Je meure d'envie de lui crier dessus, de me défouler sur elle, mais je n'en ai pas le cœur. Morgane est jeune, elle doit avoir une vingtaine d'années, sa longue chevelure noire et ondulée, son doux regard violet, sa voix mélodieuse... Tout chez elle m'inspire confiance. Alors les mots se bousculent pour sortir de ma bouche :
- Ma sœur, Serena, est morte dans un incendie. Elle tentait d'aider des gens à sortir de chez eux avant qu'un tsunami déclenché par un tremblement de terre n'envahisse le littoral. A cause de l'extrême sécheresse, un feu de forêt s'est déclaré, et quand le vent a tourné, il s'est dirigé droit vers l'endroit où se trouvait ma sœur. Et... je ne sais plus ce que je ressens, si je suis en colère contre Serena, contre la vie, ou contre la nature et les éléments qui ont causé sa perte !

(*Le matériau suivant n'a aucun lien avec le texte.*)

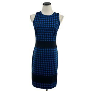 From day to night, our houndstooth sheath dress offers up optic elegance. Finished with flattering bands across the waist and hem and a sleek back zip closure, this sleeveless silhouette makes a smart statement for all manner of occasions. Playful enough for a night on the town, yet sophisticated enough for work. Color name is Amalfi blue. Blue and black colored houndstooth print. Crew neckline. Sleeveless silhouette. Back zip. Sheath style. Fitted bodice. Polyester / spandex. Machine wash. MF48VA90JR. In preowned condition.

Je ferme les yeux, et je sens la douleur, aussi vive qu'au premier jour. Morgane pose sa main sur mon épaule et déclare :
- Ta sœur est morte avec courage. Mais ce n'était la faute de personne. Serena avait conscience des risques de ses actions, mais elle les a assumés avec bravoure. La nature n'en est pas responsable. Elle est redoutable, mais pas malfaisante. Tu ne dois pas te condamner à cause d'un accident. Ce n'était qu'une malheureuse coïncidence.

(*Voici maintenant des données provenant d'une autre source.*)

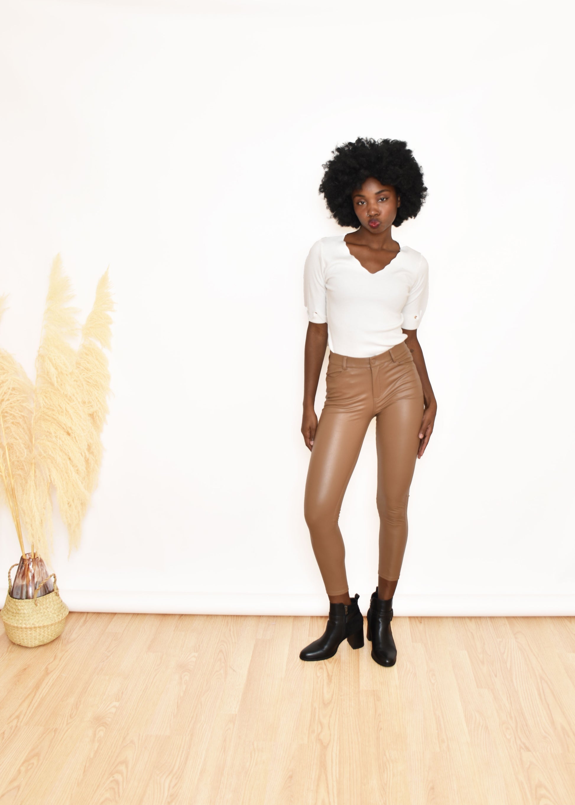 Pantalón encerado Tostado. Esta prenda está disponible de la talla S a la XL , en este caso es apta hasta una talla 44. Si lo deseas puedes comprobar las medidas exactas de la prenda en el apartado " Talla y Medidas"

Je suis enfin en paix avec mon cœur et mon esprit : dans ce lieu, je me sens en harmonie avec la nature et les éléments. Les éléments ne sont pas malveillants, ils se contentent d'être, tout simplement.
Avant de suivre Morgane, je jette un regard vers le ciel. Ici, la pollution lumineuse n'empêche pas de voir les étoiles, et j'en aperçois une brillant plus fort que les autres. Au revoir, Serena.